Marked Cards by George R. R. Martin


  He spoke with great sorrow. Zoe sipped her coffee. Tell him. Tell him what you've never told anyone before.

  "There is so much hatred. I fear that my mother will be locked away. My dad's pension has been commandeered. These things are real, whether or not the Card Sharks are real. I've got to do something, Mr. Dutton, even if it's wrong." She caught her breath. "I have - I have a wild card power. It's not a great power, it's just this little thing I can do, and I trained myself years ago never to use it. There are other things, things like money and political clout that might help the wild carders now, but I don't have those things, not any more. I've lost a lot of what I thought was me, since my partner framed me for embezzlement. But that doesn't mean I want to come out of the deck."

  Through the closed door, she could hear murmurs of sound, the jokers doing what they could to protect each other.
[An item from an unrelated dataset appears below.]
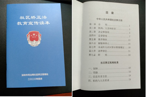 深圳市司法局印制了一万本《社区矫正法教育宣传读本》,目前均已下发至司法所,主要用于社区矫正工作人员和社区矫正对象学习《社区矫正法》相关内容。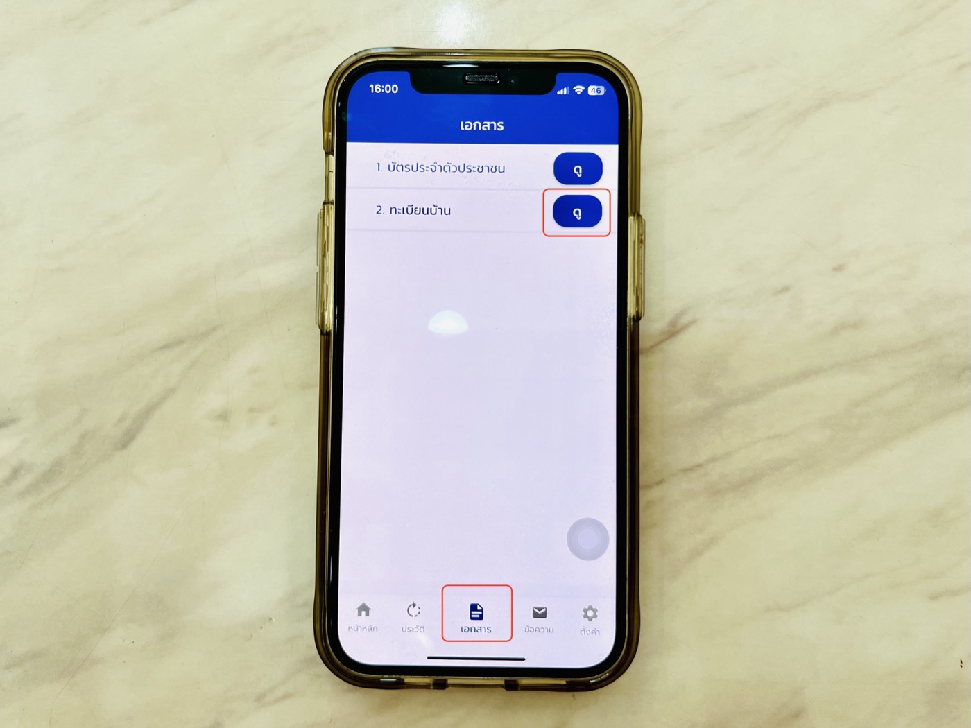 แตะเมนู เอกสาร ด้านล่าง เพื่อเข้าถึงเอกสารส่วนตัวอื่น ๆ ตอนนี้มีให้เราเข้าดูบัตรประจำตัวประชาชนและทะเบียนบ้าน

  "I'll send momma to Jerusalem. I'll talk to your Twisted Fist people, because I might need them someday. I'll get my latents out of the country, the ones who work for my company. There are thirteen of them, Mr. Dutton. But maybe you knew that."

  Dutton said nothing.

  "That will take every cent I have, but that's okay. I'll get momma out, and Bjorn. I'll start there. Then I'll deal with this embezzlement mess. I haven't done anything wrong. Things are bound to work out for me. The court system is designed to protect the innocent, isn't it? This thing with the company is just an awful nightmare mistake, that's all it is."
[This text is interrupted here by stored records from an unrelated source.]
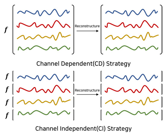 Figure 5. Comparison of channel-dependent (CD) and channel-independent (CI) strategies in time series reconstruction. - One-dimensional convolution-based value embedding: The value embedding in a transformer model is directly related to the three key matrices used in the self-attention mechanism: queries, keys, and values [50]. Since it plays a crucial role in the attention computation—the core mechanism of transformer models—it is essential to optimize its generation process. Traditionally, MLPs (multi-layer perceptrons) are used to generate the value embedding. However, MLPs do not explicitly capture positional or sequential correlations among different parts of the input data. To address this limitation, we utilized a 1D convolution-Based value embedding approach. Using 1D convolution allows the model to learn the relationships among adjacent values at each time step, effectively capturing local patterns. Additionally, since 1D convolution learns weights dynamically, it can adapt to the data and incorporate positional information. This embedding is represented in a the space. Furthermore, to incorporate dynamic positional information, relative positional encoding is applied within the layer, enhancing the representation of position-dependent features.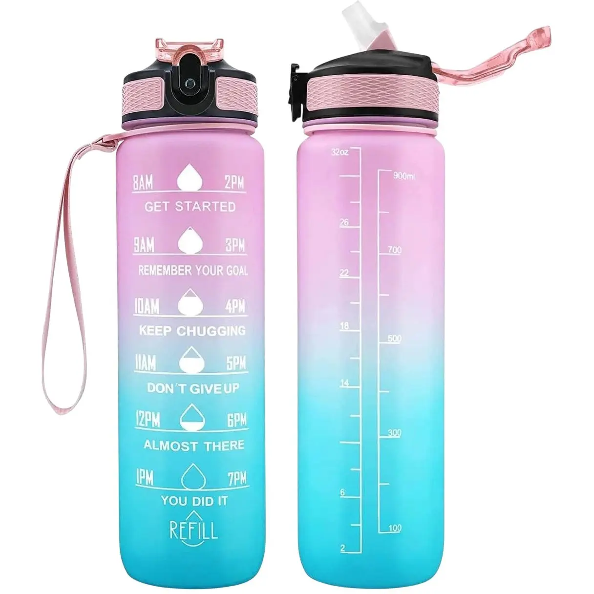 Мотиваційна пляшка OldBro для води з часом без BPA Tritan фітнес спорт прогулянка blue Pink 1 л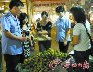 三水工商局在接到閔小姐情況反映后,立即派出工作人員及市場管理人員到該水果檔進行調查,并由市場管理人員將該水果檔正在出售的一堆橘子拿到農業部門送檢,等待檢驗結果再作進一步處理。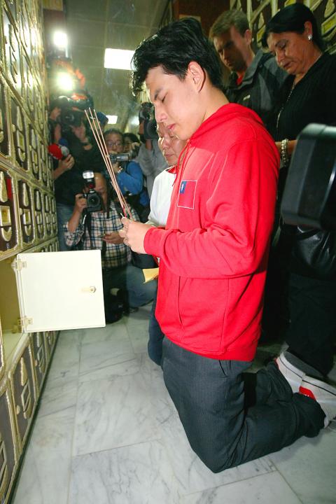 An 18-year-old teenager at the center of a high-profile tug-of-war custody battle between his Taiwanese and Brazilian relatives more than a decade ago broke down in tears yesterday when he visited the columbarium where his father’s ashes are stored.

  Dutton sighed. "More coffee, Zoe?"

  "Yes. No. Yes, half a cup. It's not like I can use my ace when I want to. I don't know how to use it! And I don't want to. It's ugly, it's strange. Mr. Dutton, I hate what I am underneath this, but this is me, too." She held her hands palms up, her fingers stained, as always, with residues of the chemicals she still worked with, CEO or no, for she was good at finding the mixes, it was as if she shoved the molecules into place - and she moved her hands to indicate her flat belly, her long thighs, like a model on a runway pointing out design details. "But I've got to learn to use my ace. I've got to stop hiding from it. But I don't want to. I want to keep on hiding in the nat world. But I can't. I'd hate myself, every morning, if I did. Who can help me?"


  "Turtle," Dutton said.

  "Turtle? That man's a bag of neuroses! I mean, there's defense mechanisms, but his are made of armor plate!" And needless to say, she wasn't neurotic, or defensive, at all. No way.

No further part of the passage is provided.